So it appears as though Councilwoman Toni Atkins has decided to withdraw her application to become the CEO of the city’s Housing Commission.

Looks like the city’s ethics laws would have prevented her from getting the gig anyway. Atkins applied for the job but she is a member of the City Council. The City Council also serves as the board of directors for the Housing Authority. The Housing Authority is setting up the process to hire a new CEO of the Housing Commission.

And state law prohibits a government body, like the Housing Authority, from signing a contract when one of its members has a direct financial interest in that contract.

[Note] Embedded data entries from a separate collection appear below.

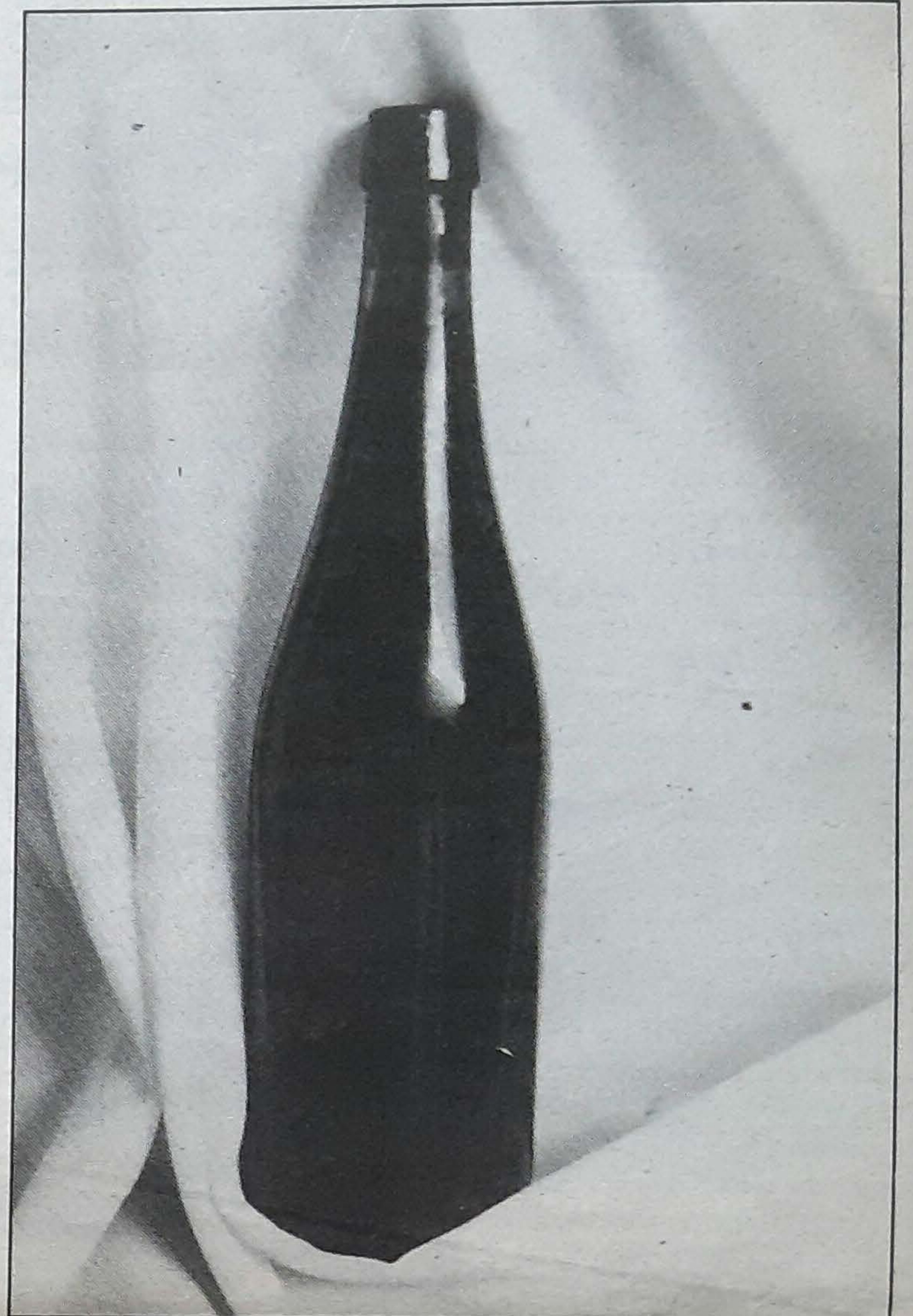
Baliteke datorren urtean edo hurrengoan lortzea labela. ANDER GILLENIA

■ Labela sagardogileek lortu nahi duten ezaugarri preziatua da, sagardoari merkatua zabaltzen eta kalitateko produktua egiten lagunduko lukeela uste baitute. Horretarako urratsak hasi dituzte han eta hemen, baina traba batzuk gainditu behar dira; hala nola, sagarraren erdia gutxienez bertakoa izatea, lia edo ama kentzea eta edaria ez oliotzea. ■
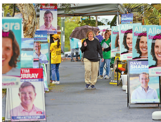
▲澳洲等國出台法律，防止境外干預包括大選在內的多項事務。圖為2022年5月，民眾經過悉尼一個投票站外。

【大公報訊】綜合報道：為防止境外勢力使用不當手段進行干預，損害國家的主權和政治獨立，並構成國家安全風險，多國近年不斷加快立法及實施針對境外干預的法律。
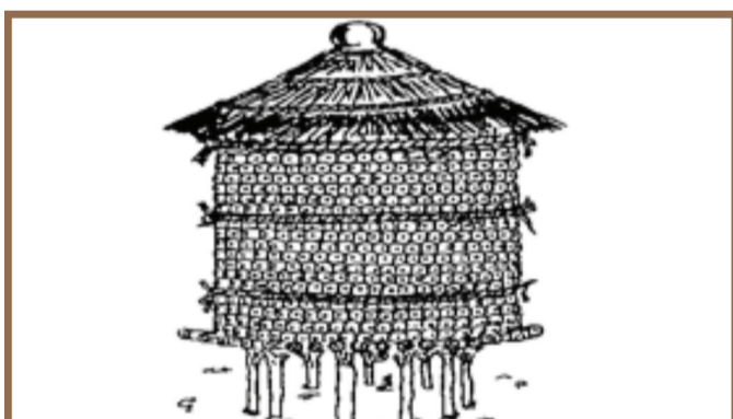
Aar ñiñuy denc dundë ngir jinax bañ si diot

It doesn’t matter whether that person recuses herself or doesn’t show up to the meetings.

The Ethics Commission, you remember, had told Atkins that she should refrain from participating in discussions about the Housing Authority while she was applying for the job.

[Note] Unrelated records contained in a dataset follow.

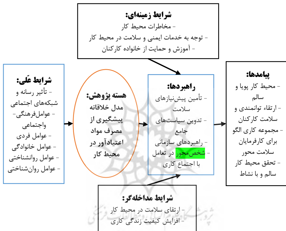
شکل ۲: مدل خلاقانه پیشگیری از مصرف مواد اعتیادآور در محیط کار برآمده از نظریه داده‌بنیاد

دسترسی به مشاوره) بستری را فراهم می‌کنند که راهبردها (سیاست‌های جامع و انعطاف‌پذیری سازمانی) بتوانند به پیامدهای مطلوب (بهره‌وری بالاتر و سلامت روانی کارکنان) منجر شوند و در نهایت مدل خلاقانه ارائه شده در شکل ۲ را در محیط کاری صنعتی تثبیت کنند.
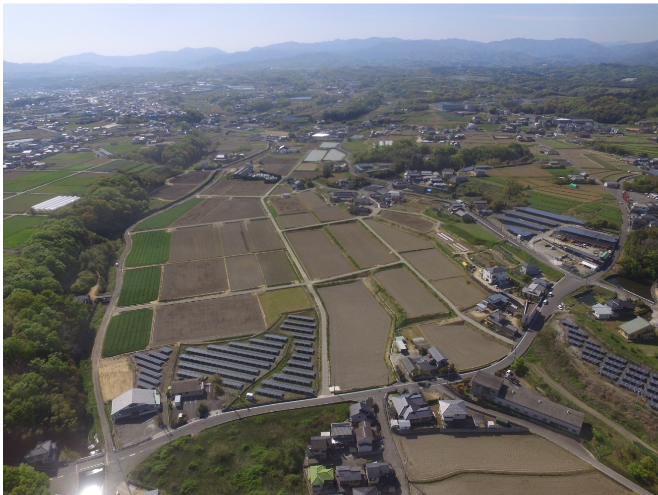
農業基盤整備促進事業西庄北部地区（高松市香南町）

発行所 香川県土地改良事業団体連合会 高松市番町五丁目1番29号 TEL (087) 832-7140 FAX (087) 832-7150 http://www.midorinet-kagawa.or.jp/
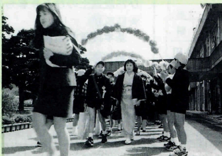
▶明倫小玄関で在校生の見送りを受ける卒業生

3月22日、老人センターにおいて、寿大学の落第式があり、83名の大学生が単位が取れず落第しました。
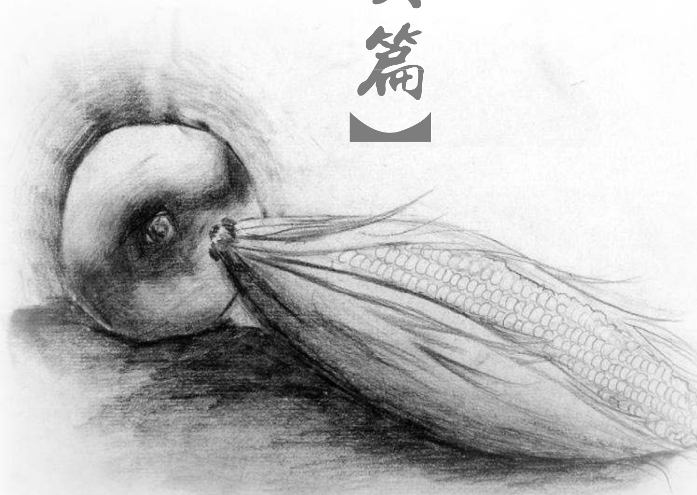
圖：《植物素描》4D 陳欣余

The commission’s executive director, Stacey Fulhorst, said that after they advised Atkins on the matter, the commission learned about the process the City Council goes through to hire a new Housing Commission CEO — that it might be more involved than they thought. When they were informed that the state law 1090 regulating conflicts of interest might also be a problem, they produced an amended letter. Atkins had already withdrawn her application, though.

“We weren’t asked about 1090 nor were we provided with the facts regarding the City Council’s involvement in recruiting and filling the position,” Fulhorst said.

I called Atkins for comment today. Her aide said she will make a statement about it this afternoon at City Council. The council is set to do some work as the Housing Authority as a matter of fact and she’d like to clear it all up.